Foi realizado, então, o primeiro contato com o compositor Maciel Melo, que foi até Monteiro para pudessem se conhecerem pessoalmente. “Ele trouxe três presentes de uma vez só para mm: ‘Que nem vem vem’, ‘Caboclo sonhador’ e ‘Terra prometida’”.

Nas composições eram contadas histórias de amor, de saudade e de luta. Não tinha como não ser um sucesso.

Em seguida, outro sucesso anunciado: ‘Meu mungunzá’, de Petrúcio Amorim. Mais um xote, surpreendendo a ideia inicial de Flávio, que achou que as pessoas talvez não gostassem.

“Eu não preciso de você.

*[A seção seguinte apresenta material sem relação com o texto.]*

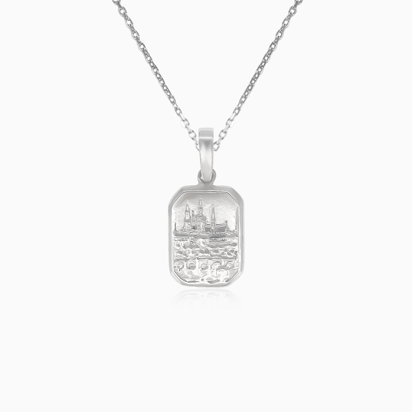 Ce pendentif en argent présente une plaque magnifiquement sculptée représentant l'emblématique ligne d'horizon de Prague, une pièce intemporelle pour commémorer votre amour pour la ville historique.
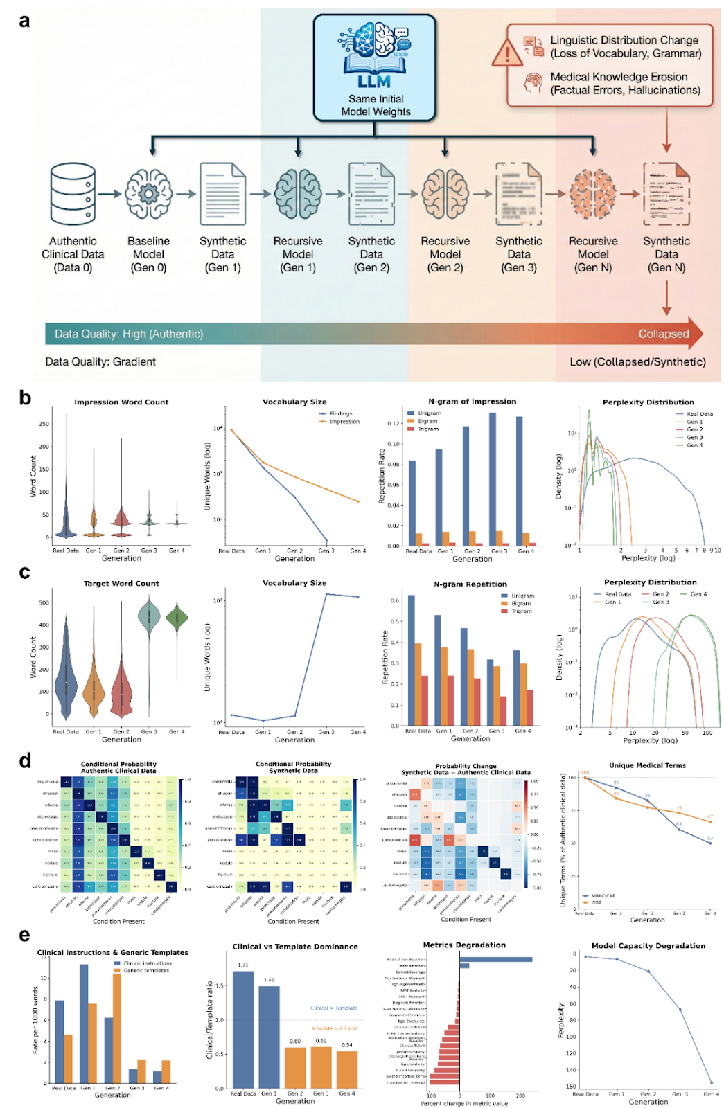 最近新加坡国立大学、哈佛大学、斯坦福大学等机构联合团队最新研究显示,当 AI 生成的临床文本被用作训练新一代 AI 模型时,一些罕见但是重要的病理信息会在数据迭代的过程中悄悄地消失,从而使得医疗 AI 整体诊断可靠性在群体上不断下降。

O mundo é grande e o destino me espera… Eu só precisei ouvir esse trecho pra dizer: essa eu gravo”.

A relação com outro grande compositor, Accioly Neto, veio em seguida. “Nasceu uma aproximação, uma amizade e dele vieram muitas coisas maravilhosas: ‘Espumas ao Vento’, ‘Me Diz Amor’, ‘A Natureza das Coisas’ e tantas outras”, contou.

“Aquilo que a gente não pode mudar, aprende a conviver”, é o que o artista fala quando se refere aos “modismos”, que são as tendências musicais do momento e que mudam sempre. Não para Flávio, que seguiu fielmente o estilo musical do começo até agora, como deve continuar seguindo.

‘Inexoravelmente chega lá’

No coração do nordestino, que espera ansiosamente por esse reencontro, entre um dos artistas que mais bem representa o seu povo e eles, o que resta é não se “avexar”, afinal, a “natureza não tem pressa, segue seu compasso”. Como o próprio cantor recomendou, o momento é de espera e responsabilidade, para que quando esse encontro acontecer, Flávio possa ir de mala e “cuia”, levando seu talento e alegria. Tanto tempo depois de ter tido a vida revirada do avesso, o paraibano segue como quem sabe que com sua arte ele criou muito mais e vai continuar criando uma história assim, cheia de sucesso.